A metallic box full of holes came off the UFO in what seemed to be a grid-like exhaust vent. A steamy explosion occurred, he said, and some kind of gas was expelled in his direction. Immediately, his clothes started to burn, Michalak said. As the object flew after the other one, Michalak was left behind desperately trying to extinguish the fire.

Once the fire was extinguished, Michalak said he felt pain and sickness and noticed a metallic odour from the inside of his body, like the smell of something electric that is burning. He initially claimed the burns were caused by airplane exhaust. The RCMP later confirmed that Michalak had been drinking beer the night before the sighting he reported.

The Department of National Defence still identifies the Falcon Lake case as unsolved. Michalak died in 1999 at the age of 83.

A Feb. 23, 1971 UFO sighting at 232 Deerwood Dr. by Gisella and Louis Kovacs is on file in the National Archives of Canada and National Research Council of Canada. From about 8:30 to 9:30 p.m. the Kovacs reported to Thompson RCMP that they saw a “plate shaped object about the size of a full moon. This object was flashing from red to green to yellow to blue also a red flash from the north side of the object was sighted.”

Four federal government departments – the Department of Transport, Department of National Defence, the Royal Canadian Mounted Police (RCMP)and the National Research Council – all dealt with reports, sightings and investigations of UFOs across Canada between 1947 and 1970 and were involved with collecting data and conducting investigations on unidentified flying objects (UFOs).  The Defence Research Board, chaired by Winnipeg-born Dr.

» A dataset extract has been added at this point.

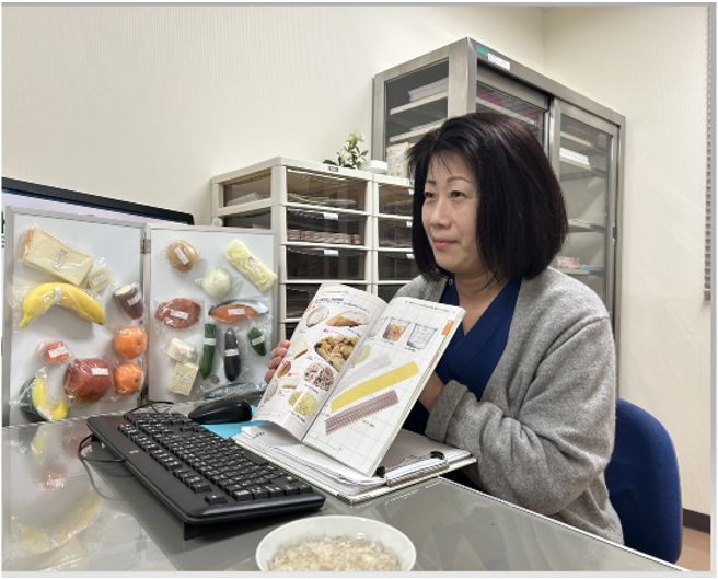 地域包括ケア病棟は、急性期治療後・整形外科疾患の治療、または介護者の休息のためのレスパイト入院の方を対象とした病棟です。入院患者さんの多くは、お元気なときと比べると、ADLの低下や食欲の低下など、何かしらの状態変化がみられます。そこで、患者さんの問題を多職種で話し合い、目標に向けてチームで介入しています。介護福祉士も多く配置しているため、日々のレクレーションは、個々の患者さんに合わせプランニングしています。また、看護師は患者さんとご家族の意思決定支援を行い、コーディネーターとしての役割を担っており、入院時から、退院後の生活を考えた入院プランの提案を行っていきます。

Omond McKillop Solandt, through an inter-departmental committee, beginning in April 1952 co-ordinated “Project Second Story,” which had as its main purpose collecting,  cataloging and correlating data from UFO sighting reports. The committee created a questionnaire and interrogator’s instruction guide. The reporting method used a system intended to minimize the “personal equation.”  In other words, a weighting factor was created to measure the probability of truth in each report. The committee’s minutes were declassified on July 3, 1968.

Since 1970, the task of investigating UFO reports has fallen largely to the Mounties.

RCMP officers G.H. Donovan and E.C. Wesley who investigated the 1971 Kovacs sighting report at  232 Deerwood Dr. in Thompson noted in their official report “the Kovacs were sober and did not appear to have been drinking when the statements were obtained.”